* [The task]:
For the records shown below, return an exact copy that excludes the pictures.

Collected data entries:
-- -- --
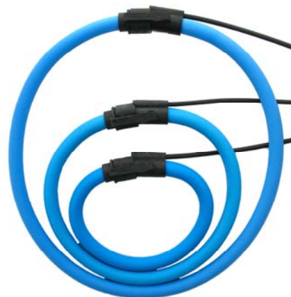
DENT's RoCoil Current Transformers. 16", 24", and 36" lengths pictured.

Current Transformer accuracy is usually calibrated with the conductor centered in the CT window. In practice, the CT hangs on the conductor, as shown in figures 1 and 2, which can introduce measurement errors. Note that the error is greatest when the CT connector hangs on the conductor.
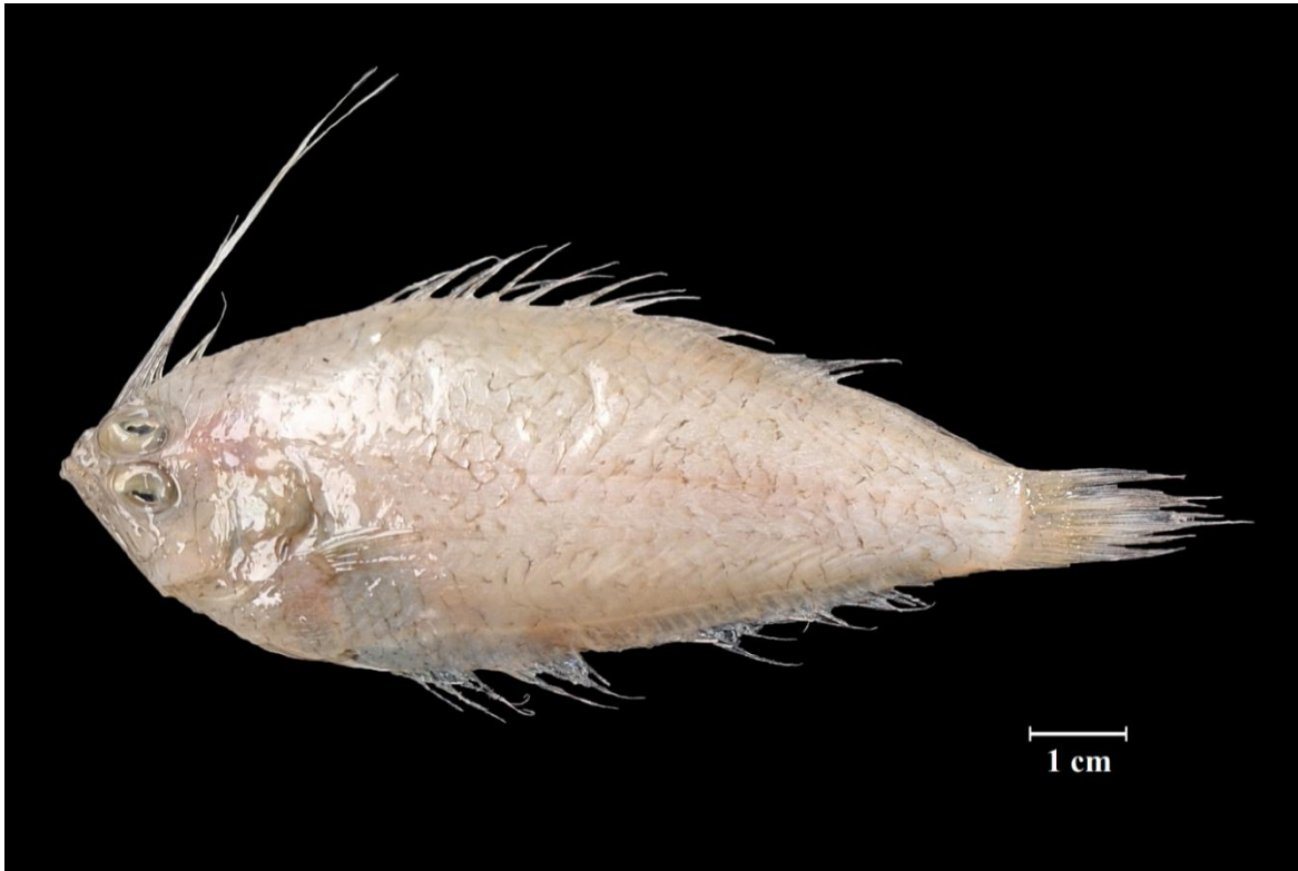
Fig.1. Specimen of Laiopteryx novaezeelandiae collected from the northern coast of the Persian Gulf, Hormuz Island (115mm SL).

characters were measured with a clipper (0.02mm accuracy) and meristic characters were counted under a stereomicroscope (Khajavi & Alavi-Yeganeh 2022) to compare those characters with previously reported data (Carpenter & Niem, 2001). DNA was extracted using the phenol/chloroform protocol and COI gene fragment was amplified using universal primers Fish F1 and Fish R1 (Alavi-Yeganeh & Deyrestani 2016). The identified haplotype of COI, with a length of 632 bp, was submitted in GenBank (PV719947). Genetic distance among the identified haplotype of L. novaezeelandiae from the Persian Gulf, other recorded haplotypes of this species from the coastal waters of China (MK617133), India (PQ803335), Malaysia (OR918674, OR918766, OR918781) and Saudi Arabia (KU499720), as well as haplotypes of four other Citharid species, were calculated using MEGA11 (Tamura et al. 2021). The cladogram for phylogenetic relationships of the identified haplotypes and other haplotypes of this family was constructed using the Maximum Likelihood (ML) method in raxmlGUI Ver. 2.0 (Elder et al. 2020).
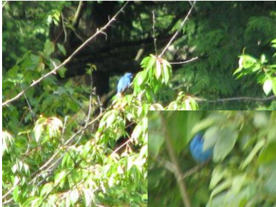
Indigo Bunting adult male May 30, 2013 at Hope Airport.
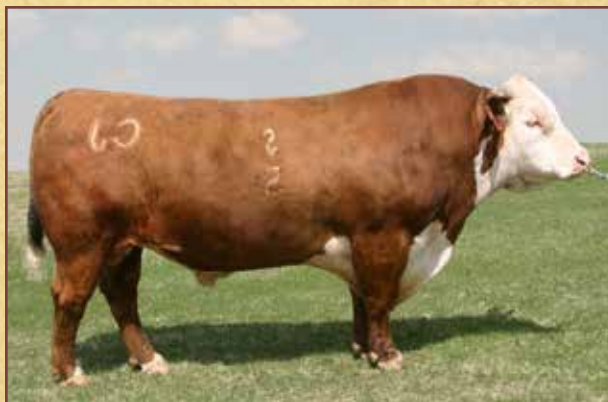
CJH Harland 408 – Paternal grandsire of Lot 35
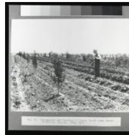
Man digging irrigation ditches (1980.115.12)
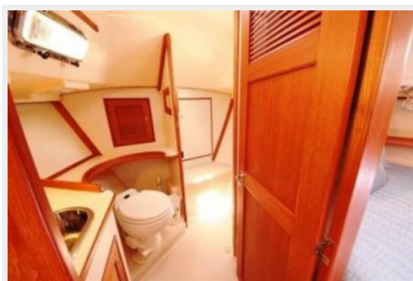
Island Packet 420 Owner's Head w/shower
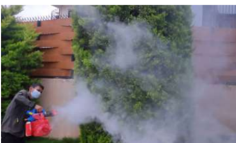
Fumigation against Danguie at IWS premises.
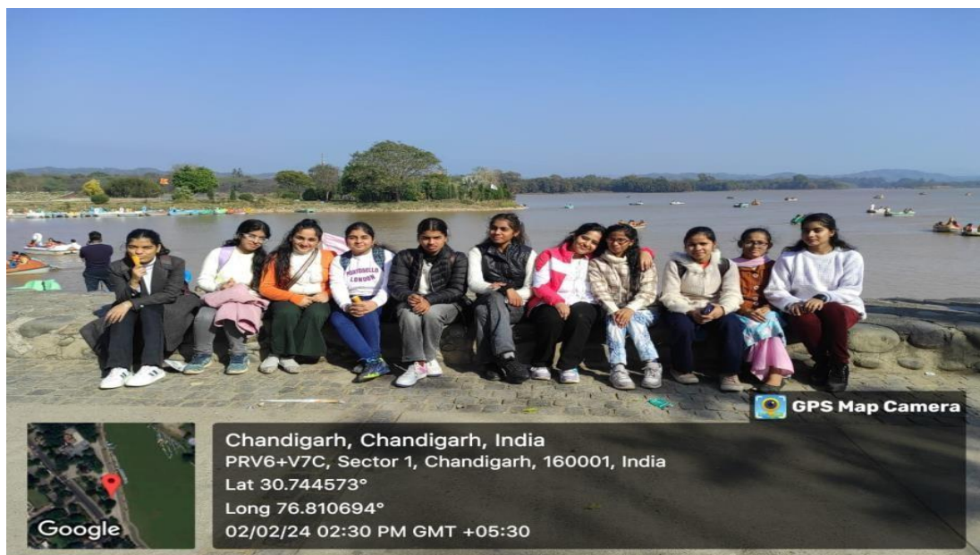
Students during their visit to Sukhna Lake
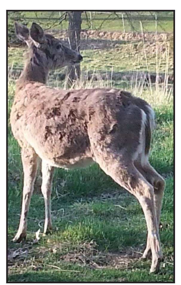
Ragged deer coat in Lords Park Zoo

The animals look a little ragged now. A little ruffed up and worn out. Patches of fur are missing here and there. A day will come when standing in a shaft of sunlight
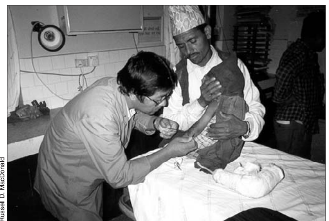
Fig. 4. Lay health care worker removing cast and sutures from pediatric patient
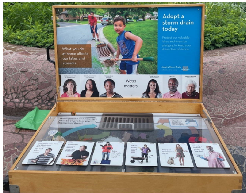
Above: The Adopt-a-Drain exhibit helped table visitors deepen their understanding of everyday actions we can take to protect local lakes and streams.
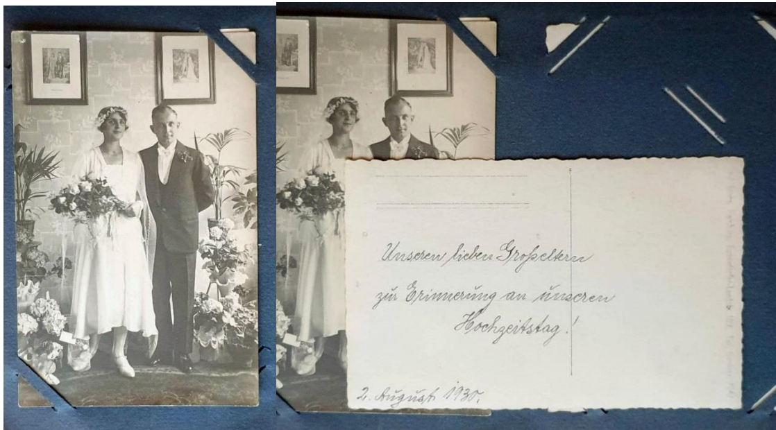
The next photo from 1940 is titled "The 10th anniversary of our business" and the only clue is the phonenummer on the window. But I did not know in which city or in which street this shop was located at. Luckily, my amazing Instagram community got busy doing detective work and found the second photo on sale on the internet! It's the same entrance, just a few years apart. And it gives us another clue – the house number was 28.
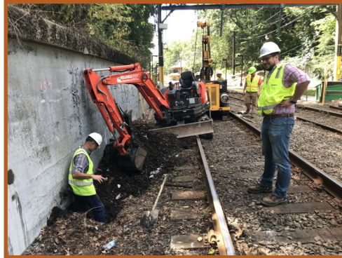
Newton Highlands MBTA Green Line Subway Station
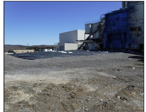
After demolition, September 2018
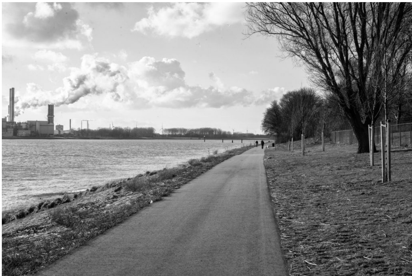
Maas promenade, Vlaardigen.
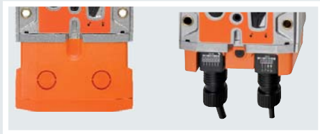
NEMA 4 (UL Type 4) IP66
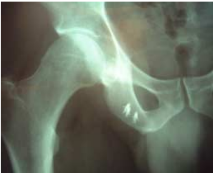
Figure 3. Stay-Tec suture in situ

After isolating the nerve, the ruptured tendons were defined from the scar tissue and tagged with No. 5 Ethibond sutures (Ethicon Inc. Somerville, New Jersey). The proximal tissue was then defined on the ischium and in only two cases were distinct tendons isolated; however, there was scar tissue present in the other cases. It was possible to implant deep sutures into this tissue but in some cases we needed to use Stay-Tec sutures (Zimmer, Inc., Warsaw, Indiana) into the bone (Fig. 3). These sutures were then passed through the proximal end of the distal tendon. In every case we had to flex the knee to 90° in order to oppose the ruptured tendon ends to the ischium.
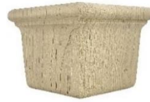
Square Woodhouse Bun Foot

SBF151 - 2 7/8 x 2 5/8 SBF152 - 3 3/8 x 2 5/8 SBF153 - 3 7/8 x 2 5/8 SBF154 - 4 13/16 x 2 5/8
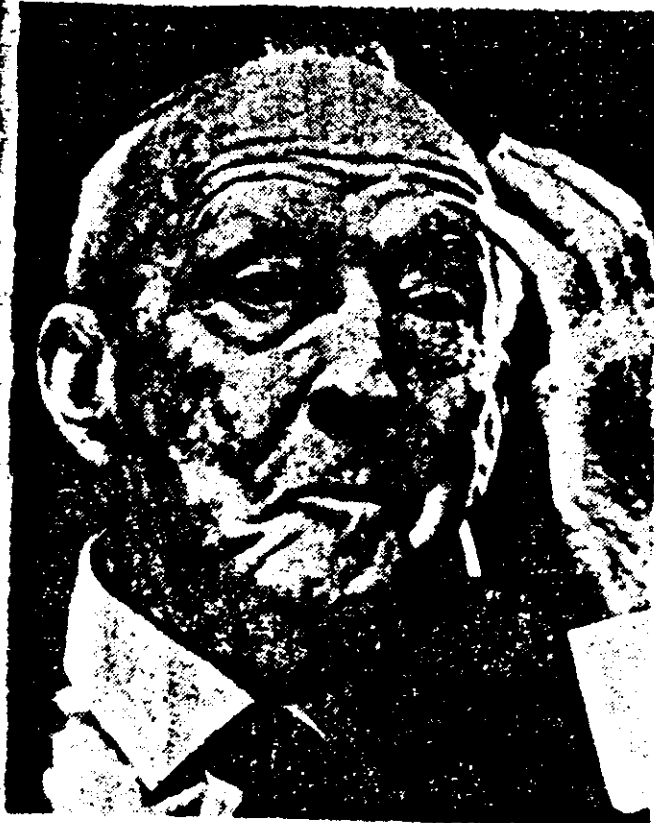
SOON TO BE 85 — Supreme Court Justice Hugo L. Black, who will celebrate his 85th birthday Saturday, relaxes in his office Thursday during an interview.
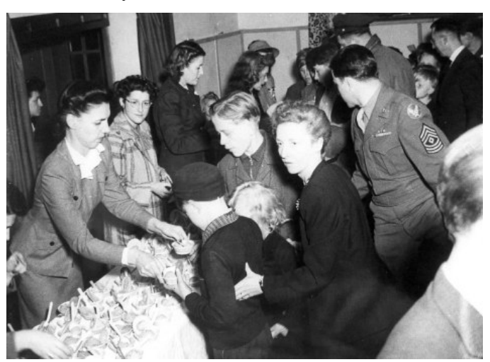
Wives of officers and enlisted men act as hostesses at the grand opening of the Erlangen Youth Center, which is operated by the Erlangen Air Force.
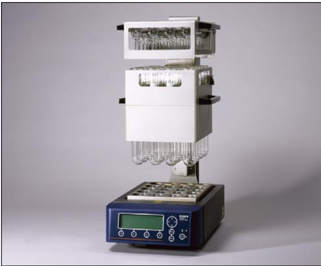
The Lift eliminates heavy handling.
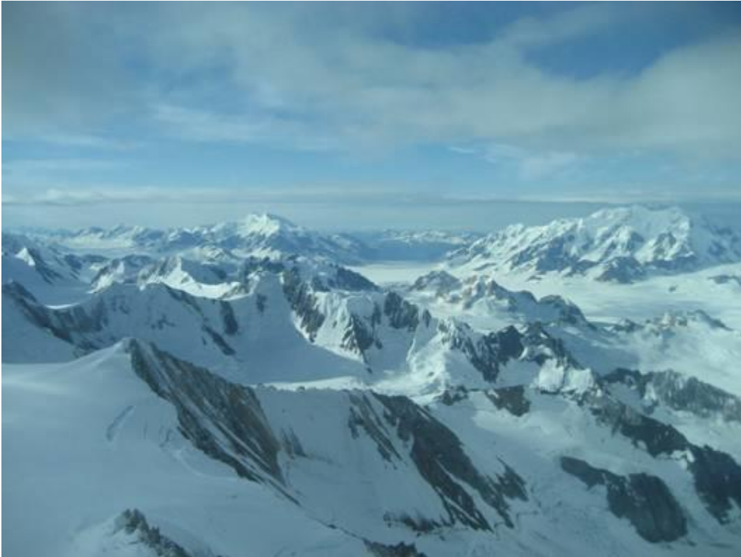
On west side of Hubbard Massive looking south over Hubbard Glacier towards Disenchantment Bay.

Photo courtesy Erin Schnyder goneflying*live.ca (In Haines Junction)
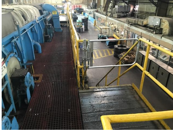
Newly Installed Stair Landing Gate

This is NOT an investigation report. It is a NOTIFICATION of a Significant advisory, event, occurrence, notice, regulatory action, or recall that requires immediate attention and action(s) at a Freeport-McMoRan operation and is being communicated to enhance safety awareness and information.
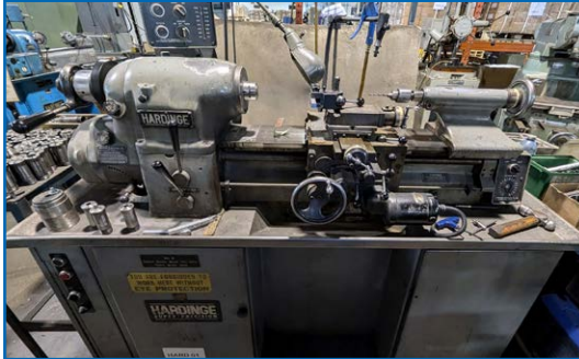
PARTIAL VIEW OF HARDINGE TOOLROOM LATHES
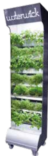
W33 - WaterWick Green Wall 60cm
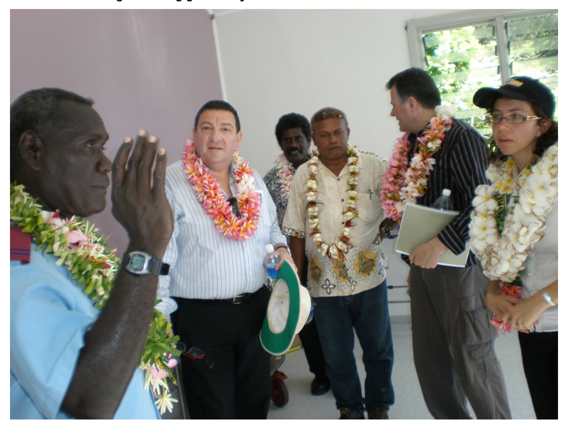
Health staff showing delegates around the clinic
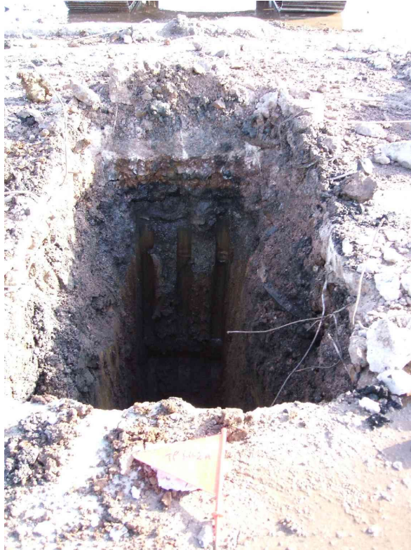
Plate 5 - TP643A – located at the eastern boundary of the Fatty Alcohol Plant
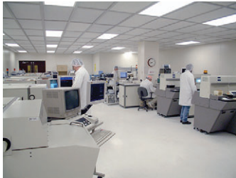
100 % Electrical Test

Vishay EFI part numbers with the pack code "ST" are sold as a full 3" or 5" wafers that have been diced into individual die. The parts are supplied as a sawn wafer on a tape ring (see picture below).
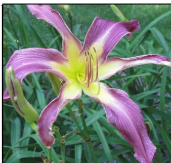
BLUE ILLUSION 45",Tet,10",Evr,E,Re,UFO STAMILE 2008 $25
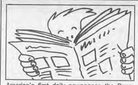
America's first daily newspaper, the Pennsylvania Evening Post and Daily Advertiser, was not published until 1783.
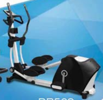
DB509 GENERATOR ELLIPTICAL
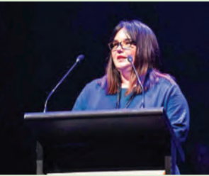
Stratford woman wins top non-fiction award. P 5.
-- -- --
* [Exercise answer]:
DENT's RoCoil Current Transformers. 16", 24", and 36" lengths pictured.

Current Transformer accuracy is usually calibrated with the conductor centered in the CT window. In practice, the CT hangs on the conductor, as shown in figures 1 and 2, which can introduce measurement errors. Note that the error is greatest when the CT connector hangs on the conductor.
Fig.1. Specimen of Laiopteryx novaezeelandiae collected from the northern coast of the Persian Gulf, Hormuz Island (115mm SL).

characters were measured with a clipper (0.02mm accuracy) and meristic characters were counted under a stereomicroscope (Khajavi & Alavi-Yeganeh 2022) to compare those characters with previously reported data (Carpenter & Niem, 2001). DNA was extracted using the phenol/chloroform protocol and COI gene fragment was amplified using universal primers Fish F1 and Fish R1 (Alavi-Yeganeh & Deyrestani 2016). The identified haplotype of COI, with a length of 632 bp, was submitted in GenBank (PV719947). Genetic distance among the identified haplotype of L. novaezeelandiae from the Persian Gulf, other recorded haplotypes of this species from the coastal waters of China (MK617133), India (PQ803335), Malaysia (OR918674, OR918766, OR918781) and Saudi Arabia (KU499720), as well as haplotypes of four other Citharid species, were calculated using MEGA11 (Tamura et al. 2021). The cladogram for phylogenetic relationships of the identified haplotypes and other haplotypes of this family was constructed using the Maximum Likelihood (ML) method in raxmlGUI Ver. 2.0 (Elder et al. 2020).
Indigo Bunting adult male May 30, 2013 at Hope Airport.
CJH Harland 408 – Paternal grandsire of Lot 35
Man digging irrigation ditches (1980.115.12)
Island Packet 420 Owner's Head w/shower
Fumigation against Danguie at IWS premises.
Students during their visit to Sukhna Lake
Ragged deer coat in Lords Park Zoo

The animals look a little ragged now. A little ruffed up and worn out. Patches of fur are missing here and there. A day will come when standing in a shaft of sunlight
Fig. 4. Lay health care worker removing cast and sutures from pediatric patient
Above: The Adopt-a-Drain exhibit helped table visitors deepen their understanding of everyday actions we can take to protect local lakes and streams.
The next photo from 1940 is titled "The 10th anniversary of our business" and the only clue is the phonenummer on the window. But I did not know in which city or in which street this shop was located at. Luckily, my amazing Instagram community got busy doing detective work and found the second photo on sale on the internet! It's the same entrance, just a few years apart. And it gives us another clue – the house number was 28.
Newton Highlands MBTA Green Line Subway Station
After demolition, September 2018
Maas promenade, Vlaardigen.
NEMA 4 (UL Type 4) IP66
Figure 3. Stay-Tec suture in situ

After isolating the nerve, the ruptured tendons were defined from the scar tissue and tagged with No. 5 Ethibond sutures (Ethicon Inc. Somerville, New Jersey). The proximal tissue was then defined on the ischium and in only two cases were distinct tendons isolated; however, there was scar tissue present in the other cases. It was possible to implant deep sutures into this tissue but in some cases we needed to use Stay-Tec sutures (Zimmer, Inc., Warsaw, Indiana) into the bone (Fig. 3). These sutures were then passed through the proximal end of the distal tendon. In every case we had to flex the knee to 90° in order to oppose the ruptured tendon ends to the ischium.
Square Woodhouse Bun Foot

SBF151 - 2 7/8 x 2 5/8 SBF152 - 3 3/8 x 2 5/8 SBF153 - 3 7/8 x 2 5/8 SBF154 - 4 13/16 x 2 5/8
SOON TO BE 85 — Supreme Court Justice Hugo L. Black, who will celebrate his 85th birthday Saturday, relaxes in his office Thursday during an interview.
Wives of officers and enlisted men act as hostesses at the grand opening of the Erlangen Youth Center, which is operated by the Erlangen Air Force.
The Lift eliminates heavy handling.
On west side of Hubbard Massive looking south over Hubbard Glacier towards Disenchantment Bay.

Photo courtesy Erin Schnyder goneflying*live.ca (In Haines Junction)
Newly Installed Stair Landing Gate

This is NOT an investigation report. It is a NOTIFICATION of a Significant advisory, event, occurrence, notice, regulatory action, or recall that requires immediate attention and action(s) at a Freeport-McMoRan operation and is being communicated to enhance safety awareness and information.
PARTIAL VIEW OF HARDINGE TOOLROOM LATHES
W33 - WaterWick Green Wall 60cm
Health staff showing delegates around the clinic
Plate 5 - TP643A – located at the eastern boundary of the Fatty Alcohol Plant
100 % Electrical Test

Vishay EFI part numbers with the pack code "ST" are sold as a full 3" or 5" wafers that have been diced into individual die. The parts are supplied as a sawn wafer on a tape ring (see picture below).
BLUE ILLUSION 45",Tet,10",Evr,E,Re,UFO STAMILE 2008 $25
America's first daily newspaper, the Pennsylvania Evening Post and Daily Advertiser, was not published until 1783.
DB509 GENERATOR ELLIPTICAL
Stratford woman wins top non-fiction award. P 5.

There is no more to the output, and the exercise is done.